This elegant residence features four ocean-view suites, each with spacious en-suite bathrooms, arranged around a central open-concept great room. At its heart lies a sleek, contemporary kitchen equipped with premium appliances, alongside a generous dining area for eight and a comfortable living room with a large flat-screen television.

...

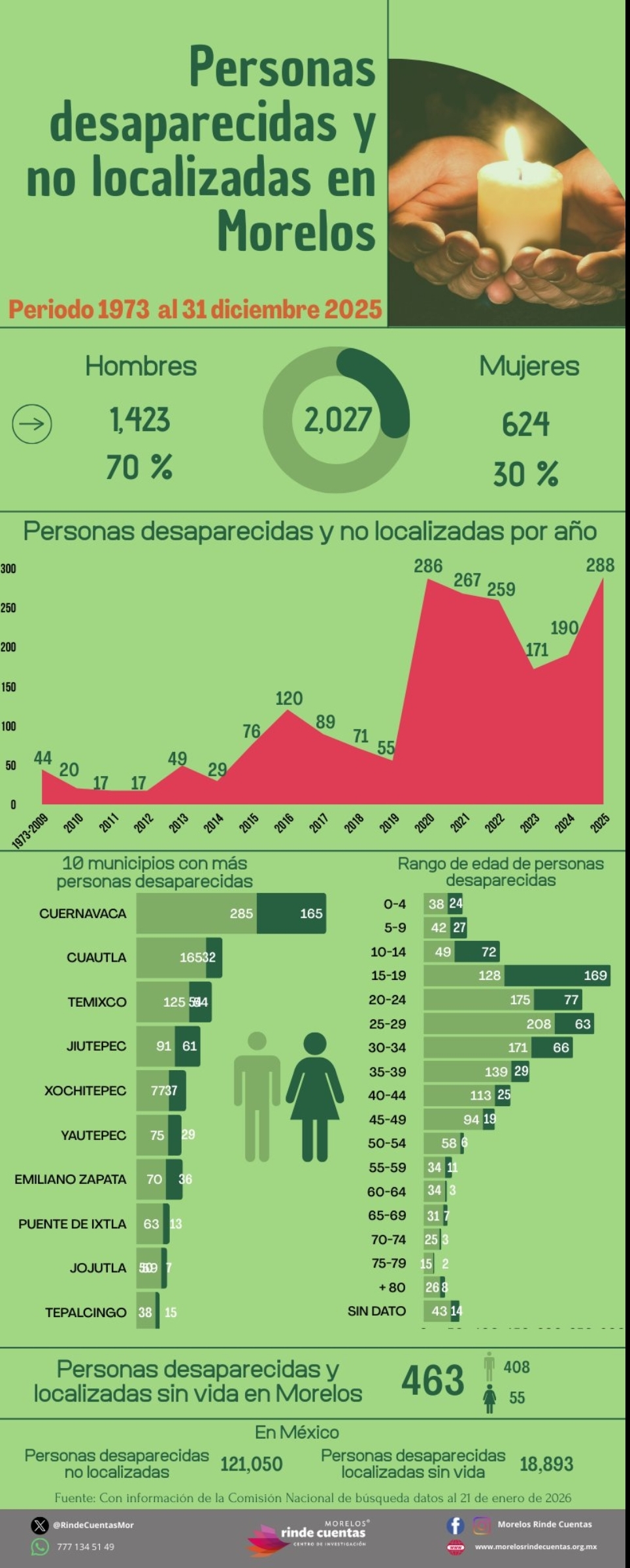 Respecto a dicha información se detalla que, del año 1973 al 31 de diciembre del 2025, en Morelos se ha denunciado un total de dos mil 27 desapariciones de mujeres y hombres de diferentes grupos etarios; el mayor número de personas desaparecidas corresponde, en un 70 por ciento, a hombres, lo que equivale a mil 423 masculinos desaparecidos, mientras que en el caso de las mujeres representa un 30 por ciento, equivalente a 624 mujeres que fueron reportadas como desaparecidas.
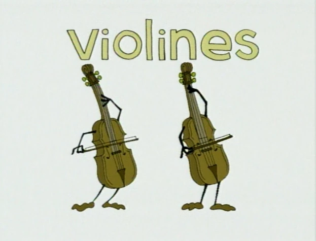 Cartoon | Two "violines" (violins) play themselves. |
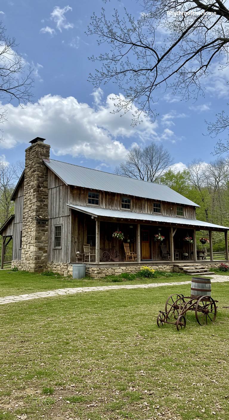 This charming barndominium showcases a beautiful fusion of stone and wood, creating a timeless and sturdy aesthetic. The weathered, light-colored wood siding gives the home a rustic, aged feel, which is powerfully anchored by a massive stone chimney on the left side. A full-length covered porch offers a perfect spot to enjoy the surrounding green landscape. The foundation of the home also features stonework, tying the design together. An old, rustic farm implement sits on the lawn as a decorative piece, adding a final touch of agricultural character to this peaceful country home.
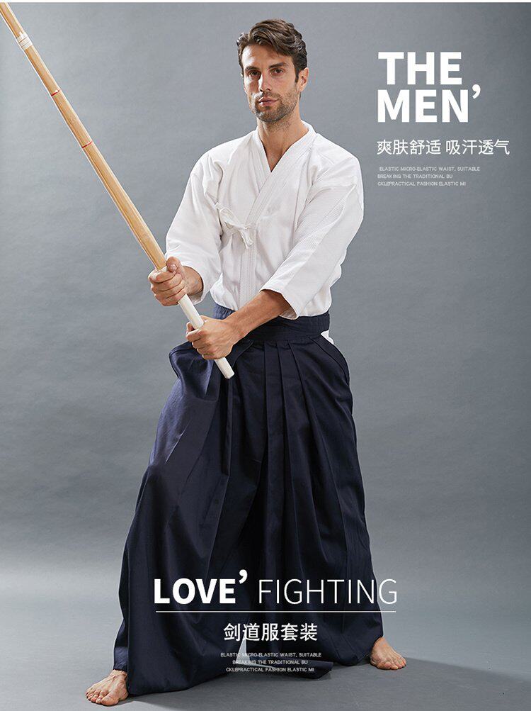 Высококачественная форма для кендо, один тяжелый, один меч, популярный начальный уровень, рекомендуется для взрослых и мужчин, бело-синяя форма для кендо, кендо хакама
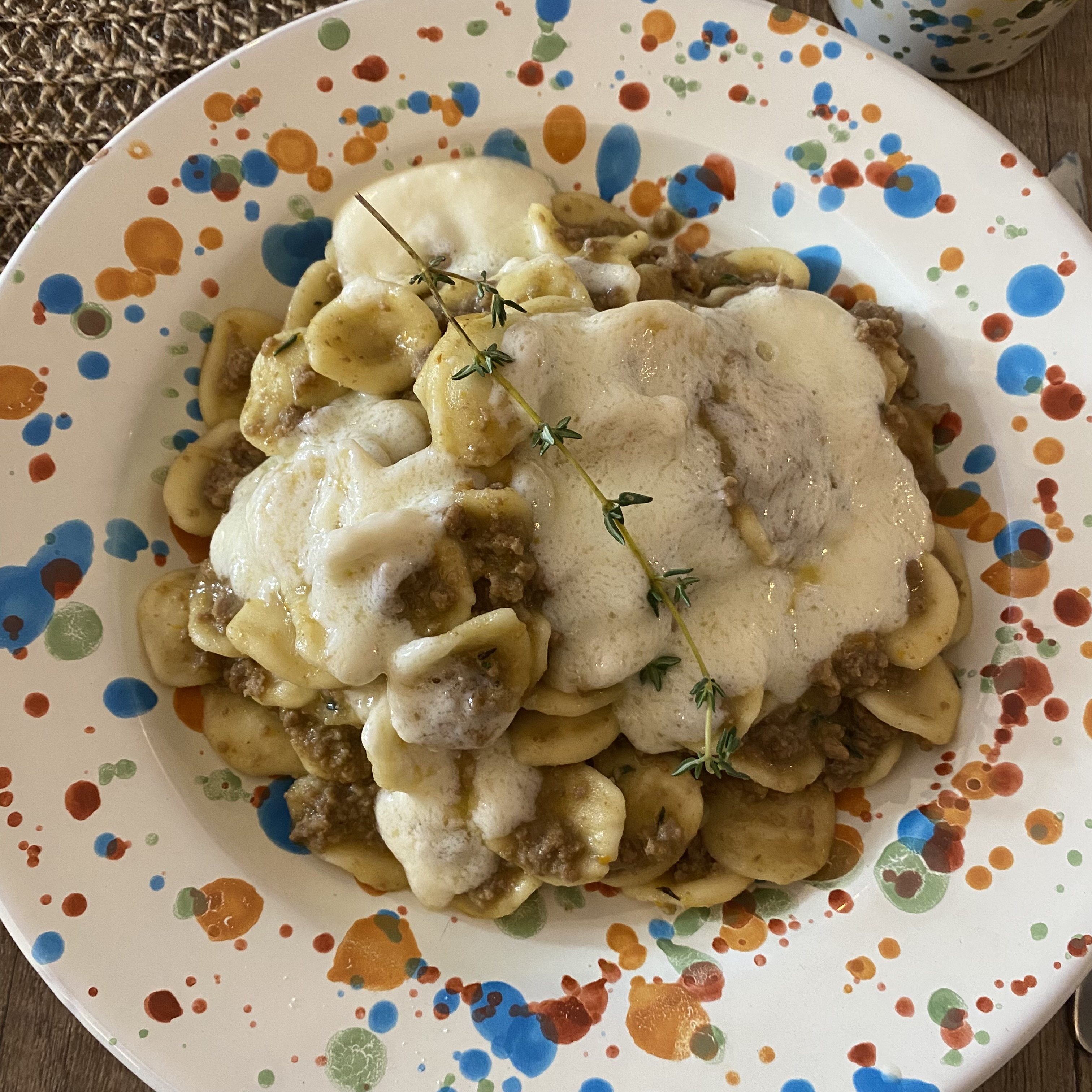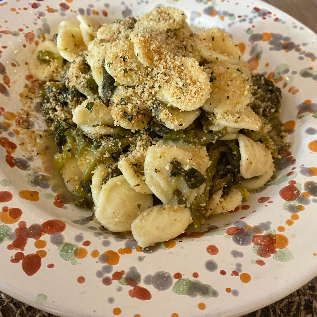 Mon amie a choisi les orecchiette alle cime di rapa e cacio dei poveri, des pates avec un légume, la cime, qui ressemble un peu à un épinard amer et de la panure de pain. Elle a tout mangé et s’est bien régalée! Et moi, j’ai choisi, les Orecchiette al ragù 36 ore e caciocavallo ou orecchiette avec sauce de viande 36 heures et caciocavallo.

Exercise goal:
Write out, word for word, the stretch of entries that begins at the line with "Cartoon | Two" and ends at the line with "Mon amie a choisi". Pictures do not belong in it.

Solution:
 Cartoon | Two "violines" (violins) play themselves. |
 This charming barndominium showcases a beautiful fusion of stone and wood, creating a timeless and sturdy aesthetic. The weathered, light-colored wood siding gives the home a rustic, aged feel, which is powerfully anchored by a massive stone chimney on the left side. A full-length covered porch offers a perfect spot to enjoy the surrounding green landscape. The foundation of the home also features stonework, tying the design together. An old, rustic farm implement sits on the lawn as a decorative piece, adding a final touch of agricultural character to this peaceful country home.
 Высококачественная форма для кендо, один тяжелый, один меч, популярный начальный уровень, рекомендуется для взрослых и мужчин, бело-синяя форма для кендо, кендо хакама
 Mon amie a choisi les orecchiette alle cime di rapa e cacio dei poveri, des pates avec un légume, la cime, qui ressemble un peu à un épinard amer et de la panure de pain. Elle a tout mangé et s’est bien régalée! Et moi, j’ai choisi, les Orecchiette al ragù 36 ore e caciocavallo ou orecchiette avec sauce de viande 36 heures et caciocavallo.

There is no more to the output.